Congrats to the new Dr. Kashif Asdi, LT PhD grad!

Congrats to the new Dr. Kashif Asdi! Kashif’s dissertation title is “Learner Characteristics as Early Predictor of Persistence in Online Courses.” A description of his dissertation is below. Dr. Asdi has more than 20 years of experience in academic innovation, training and development, and performance-improvement. Previously, Kashif led teams of curriculum specialists and instructional designers to create competency-based, learning-centered curricula for fully online and hybrid programs for higher education institutions.
Kashif answering questions from the crowd after his presentation.
The purpose of this study was to examine how learner characteristics could be used to predict whether or not a college learner would persist in the first online course and, more importantly, enroll in the next two terms. The four learner characteristics examined were learners’ pre-course basic verbal score, college application score, degree level, and start date. The data were collected from 2,674 graduate learners who were enrolled in one of the online public service and health graduate programs at a large Midwestern university. A quantitative study was conducted to investigate the research questions. The chi-square test of association, a nonparametric statistical test, was used to determine if there were any significant differences between variables of the data. The following descriptive statistics were used to describe the data: frequency distributions, means, standard deviations, and percentages. Stepwise logistic regression was used to understand whether learner persistence can be predicted based on a learner’s pre-course basic verbal score, application score, degree level, and start date.

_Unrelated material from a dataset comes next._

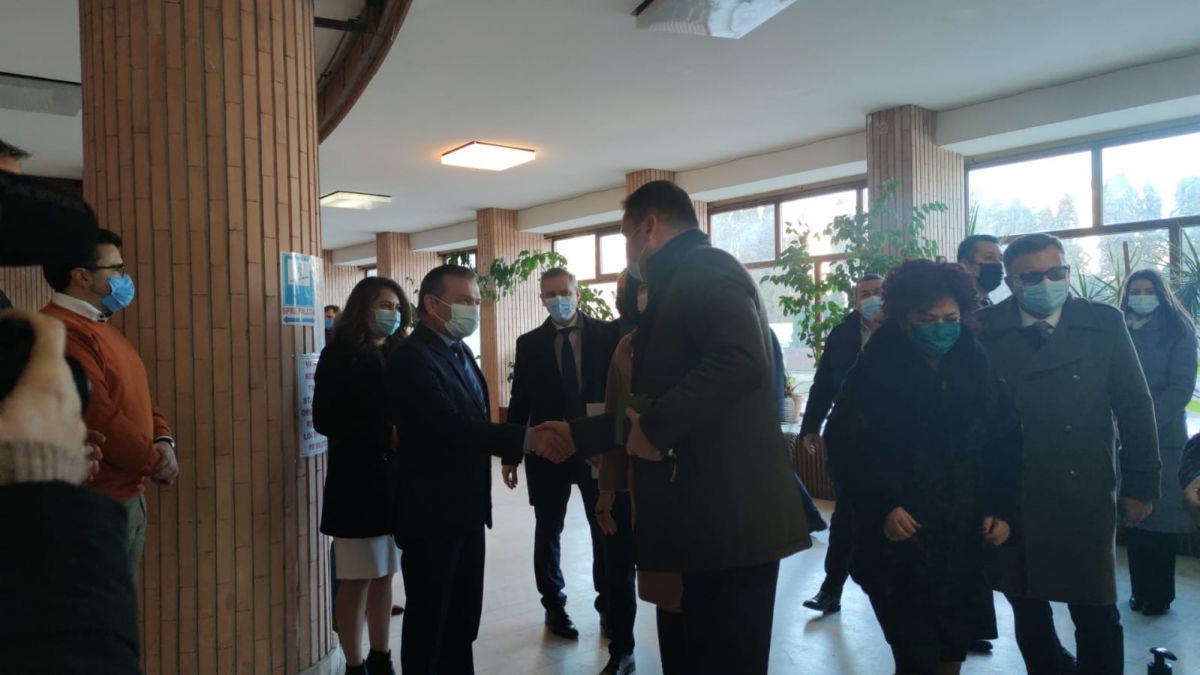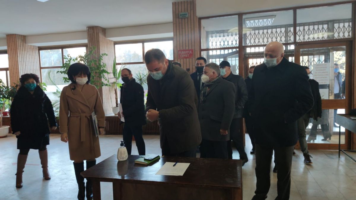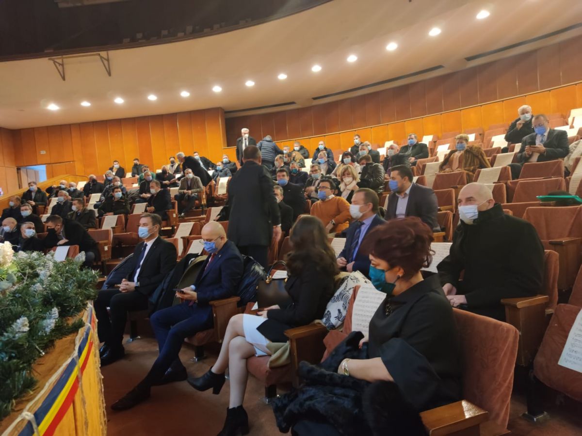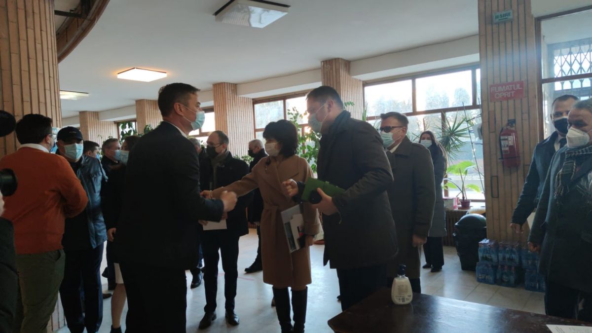 Cu o întârziere de aproximativ 15 minute, Ministrul Dezvoltării, Cseke Attila, a ajuns la Casa Sindicatelor însoțit de prefectul Dan Nechifor, de Doina Federovici, președintele Consiliului Județean, deputatul Costel Șoptică și primarul Cosmin Andrei.

The tests results revealed a statistically significant difference between learners who completed their first course and learners who dropped out of their first course with respect to pre-course basic verbal, application score, and degree level. There was no statistically significant difference between the two groups with respect to start date. The logistic regression model was found to be statistically significant (p < .0005); however, the model explained only 1.7% of the variance in learner persistence; hence, this model needs to be used with caution. Of the four independent variables, only application score (p < .0005) added significantly to the model. This study supports the idea that learners who have higher application scores are more likely to complete the first course and enroll in the next two terms.
The findings of this study can contribute to the scholarly work in the field and potentially provide the base for future interventions to improve learner persistence in the first online course and enrollment in the next two terms.